Look at the data below and print exactly the lines from its first line through the line with "The nodular structure"; the pictures stay out of the copy.

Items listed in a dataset
################

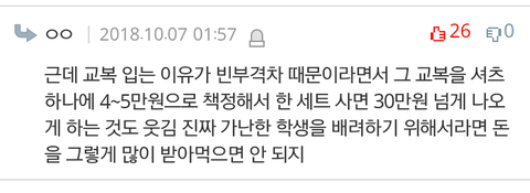 ++이 댓글이 딱 내가 하고 싶은 말이다 ㅋㅋㅋㅋ 댓글 단 애들아 너네 진짜 바보야? 교복하고 사복을 떠나서 옷 원가가 일반 옷만큼 낮은데 학생들이 산다는 이유로 20만원 넘게 받아먹는거를 욕하는거잖아 모든 학교를 다니는 학생들이 입는다는거를 이용해서 부르는게 값대로 비싸게 받는게 화가 나는거라고 너네가 평소 사는 만원짜리 티랑 교복이 재질이 다르지가 않는데 몇만원하는게 아까운거라고 사복 입자 교복 폐지하자는게 아니고 도매가로 판매하는거면 싸야 하는데 비싸다고 답답해 뒤지겠네 니네 왤케 멍청하냐 당연히 옷 한벌 입는게 사계절 옷 뭐 입을지 고민하는거 보다 싸지 말 뜻을 어떻게 그렇게들 이해하니 댓글 보고 뒤질뻔했다
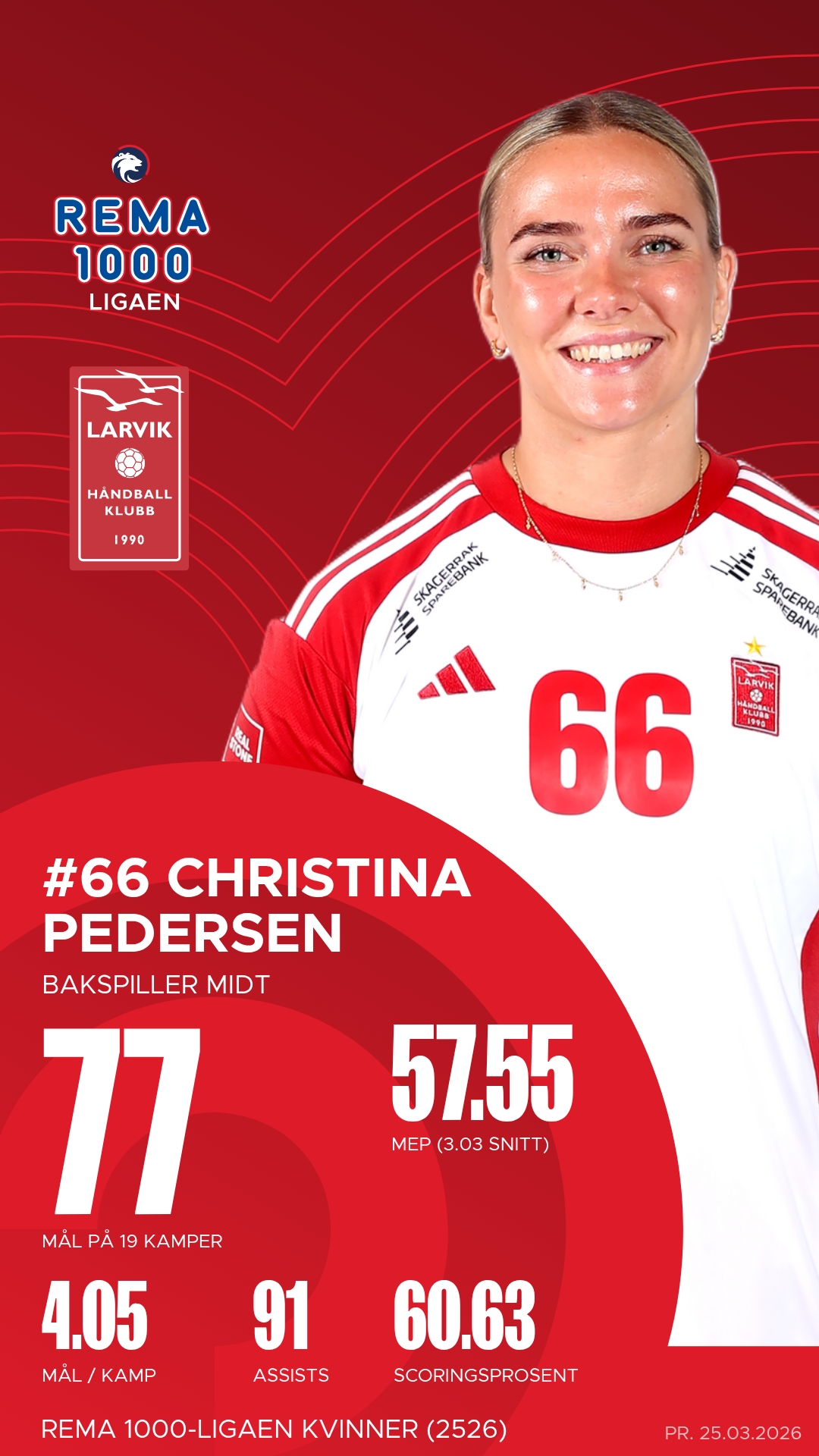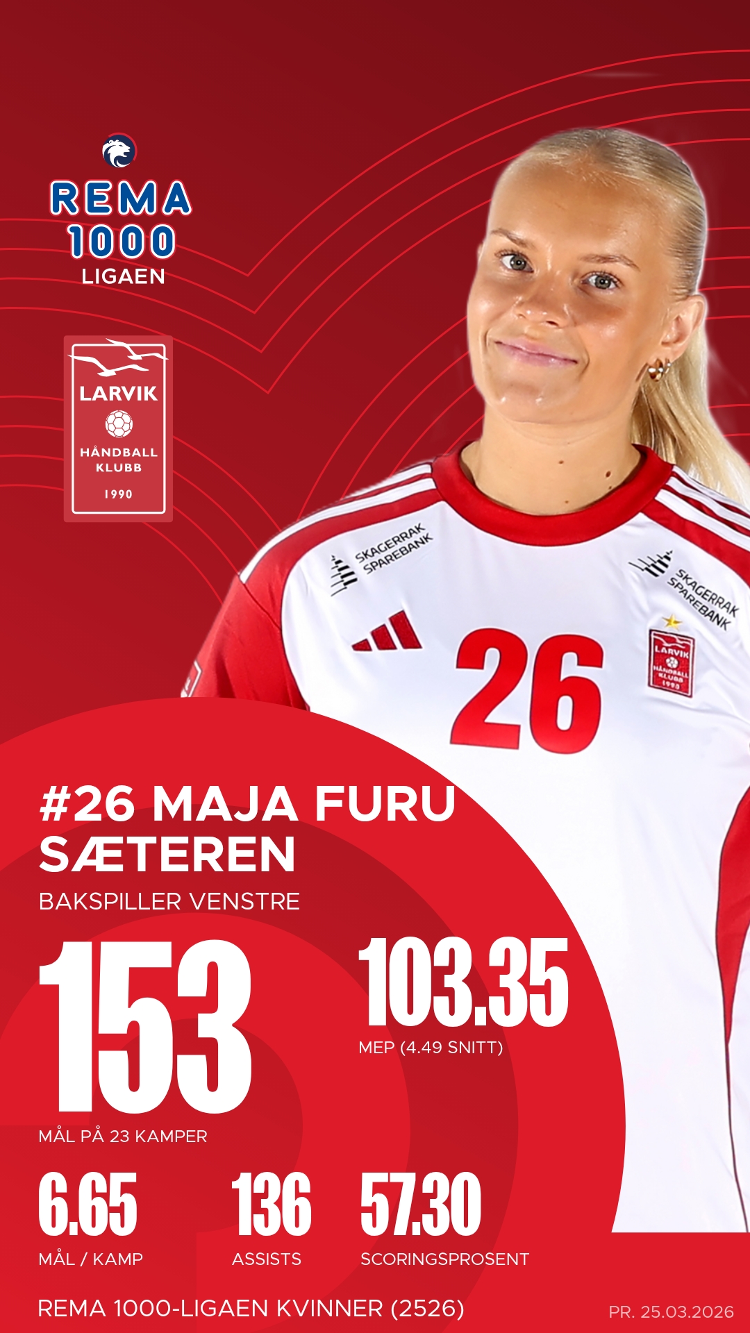 Larvik stiller med en rekke profiler som har levert på høyt nivå gjennom sesongen. Maja Furu Sæteren har vært lagets motor og toppscorer, med et imponerende antall mål og assists. Hun har vært en konstant trussel fra bakspillerposisjon og er lagets mest effektive spiller. Christina Pedersen er playmakeren som styrer angrepsspillet med kløkt og presisjon, og hennes evne til å finne linjespillerne med perfekte innspill har vært avgjørende i mange kamper. På kanten har Guro Ramberg vært et uromoment for alle motstandere – rask, presis og med et dødelig effektivt avslutningsregister.
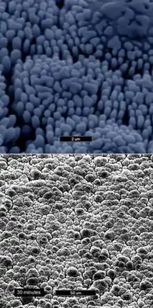 The nodular structure reduces surface-to-surface contact of two mating/sliding surfaces, thus reducing friction and improving heat dissipation.[11] It is also claimed to reduces drag in both gas and liquid flows.[12]
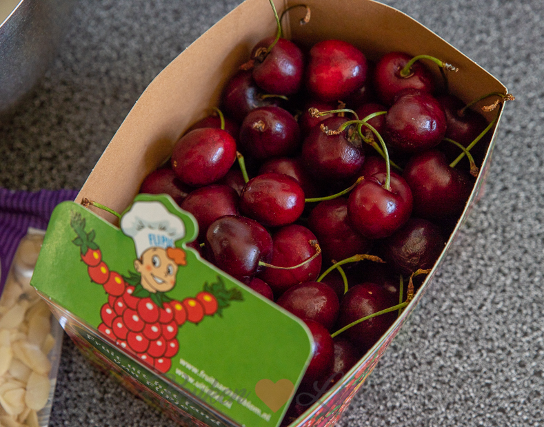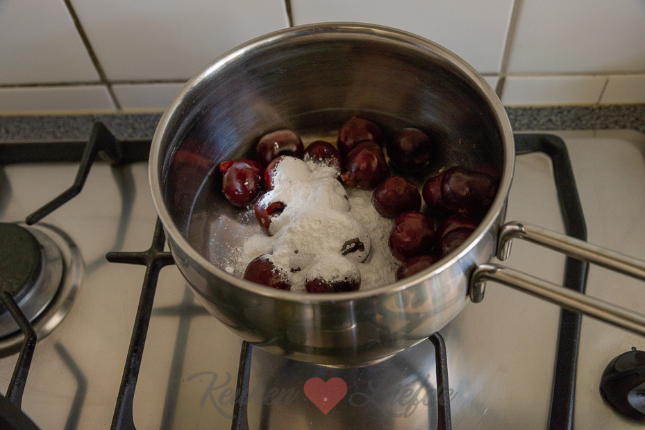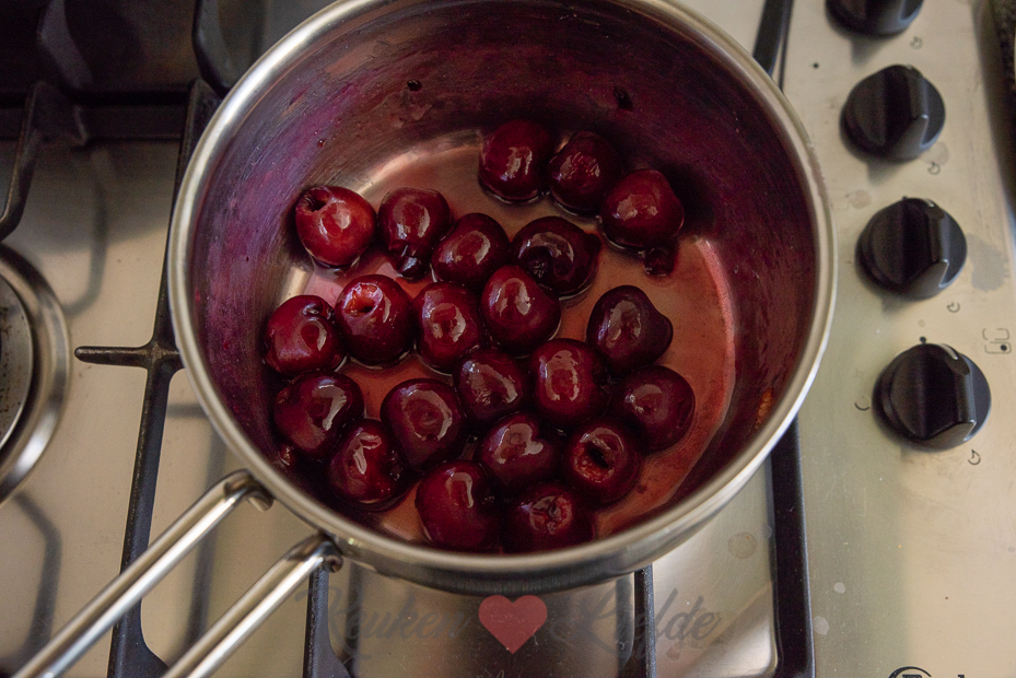 Was de kersen en ontpit ze. Verwarm de kersen samen met de suiker en het citroensap op middelhoog vuur tot de suiker is opgelost en samen met het vrijgekomen kersensap een laagje siroop vormt op de bodem van de pan. Zet het vuur uit en doe de deksel op de pan om ze warm te houden.
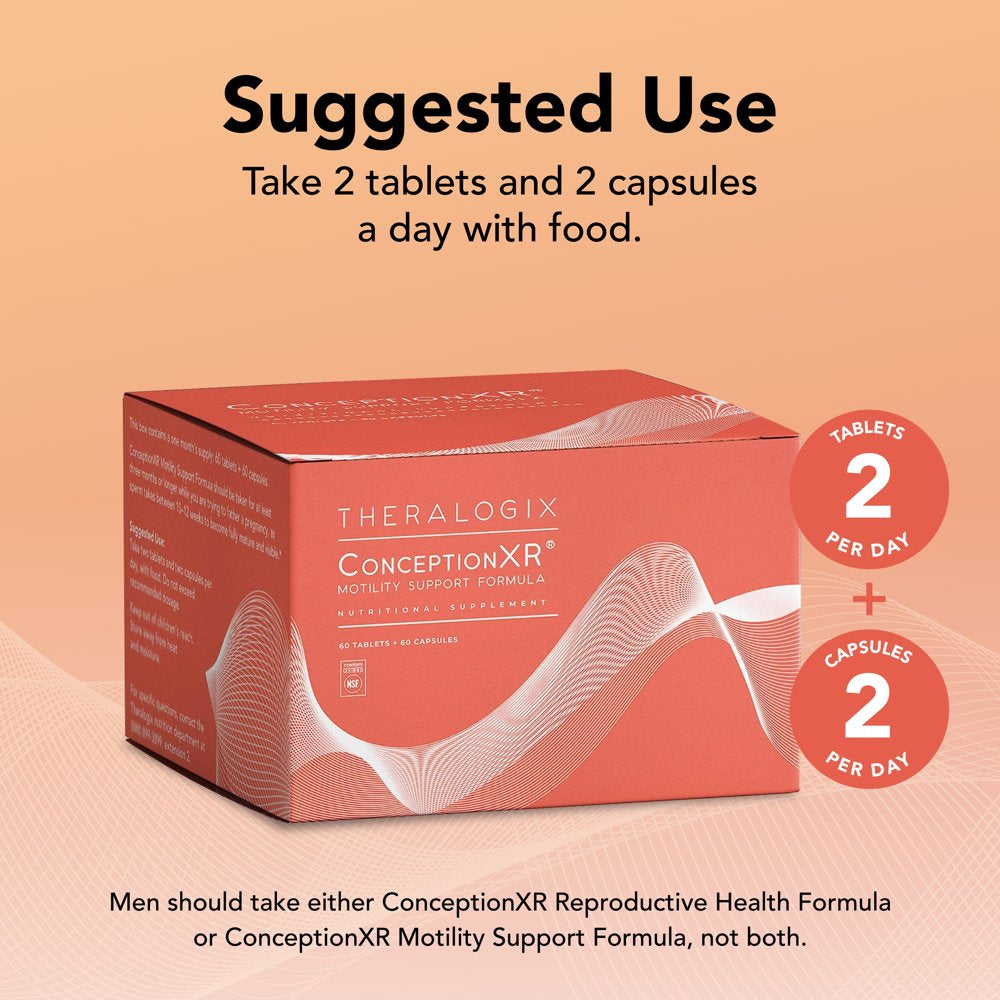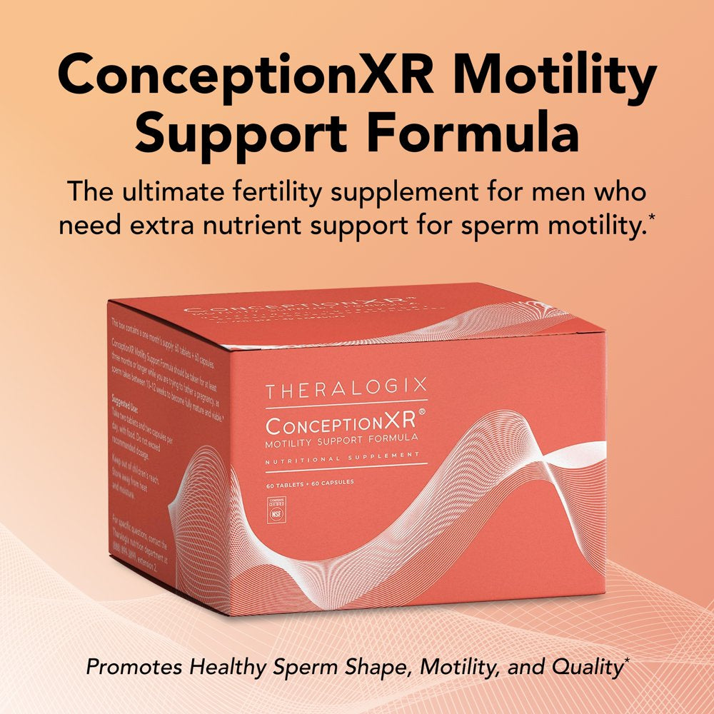 ConceptionXR Motility Support Formula is a safe, evidence-based male fertility supplement designed to support healthy sperm function and motility (movement).* ConceptionXR tablets are formulated to provide an extended release of nutrients. Theralogix nutritional supplements are recommended for use under the supervision of your healthcare provider. Artificial dye-free and gluten-free. Independently tested and certified by NSF International for content accuracy, purity and freedom from contaminants. *These statements have not been evaluated by the Food and Drug Administration. This product is not intended to diagnose, treat, cure or prevent any disease.
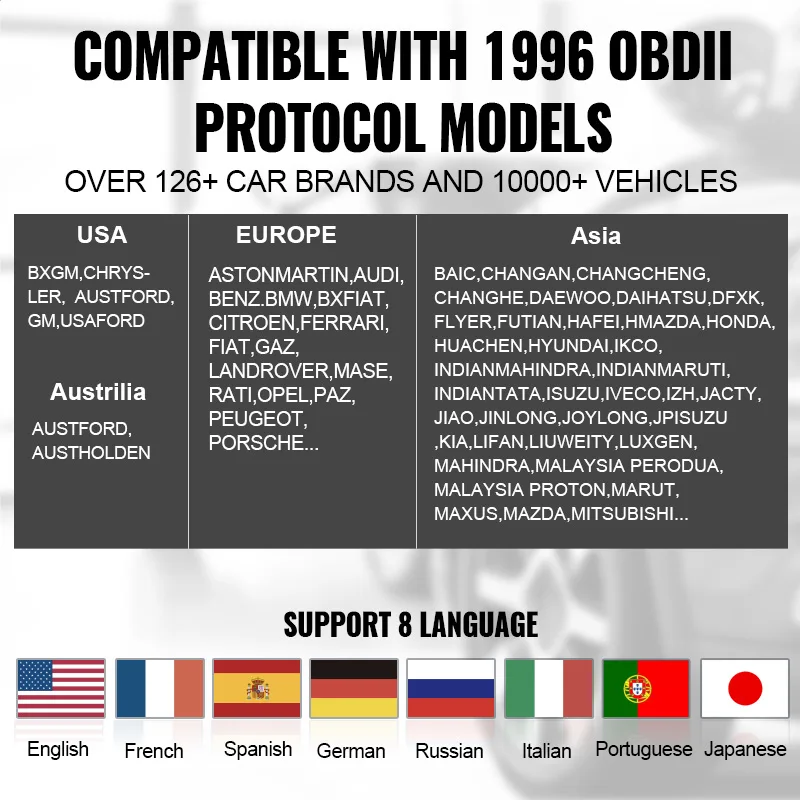 Хотите ли вы использовать свой родной язык для диагностики? Не волнуйтесь, MUCAR VO6 предоставляет несколько языков для переключения, английский, французский, испанский, немецкий, русский, итальянский, португальский, японский, польский

################

**Output for this exercise:**
 ++이 댓글이 딱 내가 하고 싶은 말이다 ㅋㅋㅋㅋ 댓글 단 애들아 너네 진짜 바보야? 교복하고 사복을 떠나서 옷 원가가 일반 옷만큼 낮은데 학생들이 산다는 이유로 20만원 넘게 받아먹는거를 욕하는거잖아 모든 학교를 다니는 학생들이 입는다는거를 이용해서 부르는게 값대로 비싸게 받는게 화가 나는거라고 너네가 평소 사는 만원짜리 티랑 교복이 재질이 다르지가 않는데 몇만원하는게 아까운거라고 사복 입자 교복 폐지하자는게 아니고 도매가로 판매하는거면 싸야 하는데 비싸다고 답답해 뒤지겠네 니네 왤케 멍청하냐 당연히 옷 한벌 입는게 사계절 옷 뭐 입을지 고민하는거 보다 싸지 말 뜻을 어떻게 그렇게들 이해하니 댓글 보고 뒤질뻔했다
 Larvik stiller med en rekke profiler som har levert på høyt nivå gjennom sesongen. Maja Furu Sæteren har vært lagets motor og toppscorer, med et imponerende antall mål og assists. Hun har vært en konstant trussel fra bakspillerposisjon og er lagets mest effektive spiller. Christina Pedersen er playmakeren som styrer angrepsspillet med kløkt og presisjon, og hennes evne til å finne linjespillerne med perfekte innspill har vært avgjørende i mange kamper. På kanten har Guro Ramberg vært et uromoment for alle motstandere – rask, presis og med et dødelig effektivt avslutningsregister.
 The nodular structure reduces surface-to-surface contact of two mating/sliding surfaces, thus reducing friction and improving heat dissipation.[11] It is also claimed to reduces drag in both gas and liquid flows.[12]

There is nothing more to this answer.